Mathieu Nantel wrote:
> As I've read a few articles on DSPAM claiming that it's better/faster/sexier 
> than spamassassin, I would appreciate having this list's comment on DSPAM. 
> I'm sure quite a few of you have tried it and might have some interesting 
> experiences to share. My understanding is that DSPAM relies solely on 
> algorithms (Bayes, CHI^2), and that complications arise when you have to 
> teach your users on how to train the system (which SA doesn't require as it's 
> based on other things aside from Bayes).

Hi Mathieu,
I haven't done any carefully controlled studies, but I've been very 
successful with SpamAssassin.
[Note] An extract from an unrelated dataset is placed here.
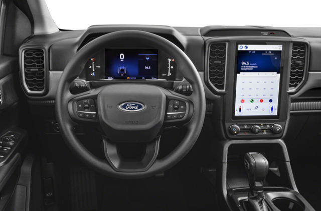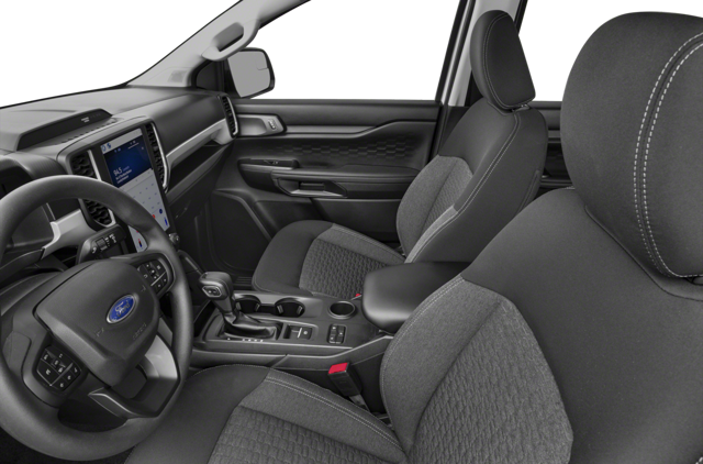 The 2025 Ford Ranger offers a comfortable and tech-savvy environment accommodating up to five passengers. The 8-inch touchscreen with the SYNC 4 infotainment system provides seamless connectivity, while the 12.4-inch digital instrument cluster on the LARIAT trim offers a modern touch. Apple CarPlay and Android Auto compatibility ensure that you stay connected on the go. For an enhanced audio experience, the Bang & Olufsen sound system delivers premium sound quality. Comfort features, such as leather-trimmed seats, heated front seats, and a heated steering wheel, add a touch of luxury. Dual-zone automatic climate control, available on the LARIAT trim, ensures personalized comfort for all passengers. Additional features, such as a 360-degree camera with a split-view display and wireless charging pad, enhance convenience and functionality.

I think SA has the better approach. 
Spammers have gotten quite good at fooling the pure algorithm methods. 
Some get their messages' spam probabilities down to 50% or so if not 
lower, mainly by including a lot of innocuous text in their messages. If 
you can also use DNS-based databases to look up IP addresses and domains 
associated with known spammers, plus other rules such as known ratware 
patterns in headers, keywords like 'viagra', and use that information in 
combination with the Bayes and other algorithms to determine messages' 
spamminess, you will have better accuracy. Blacklisting domains that are 
included in the content of spam messages has been a very successful 
technique for us.

Unfortunately, SA is a real memory hog and has higher hardware 
requirements than DSPAM to handle the same message load. But that's not 
a big issue for us. We average about 25,000 messages per day from the 
Internet with ~400 users. SpamAssassin is running on a dedicated Athlon 
1.5 GHz machine with about 750MB of RAM, and we haven't had any 
problems. Peak RAM usage is about 600MB.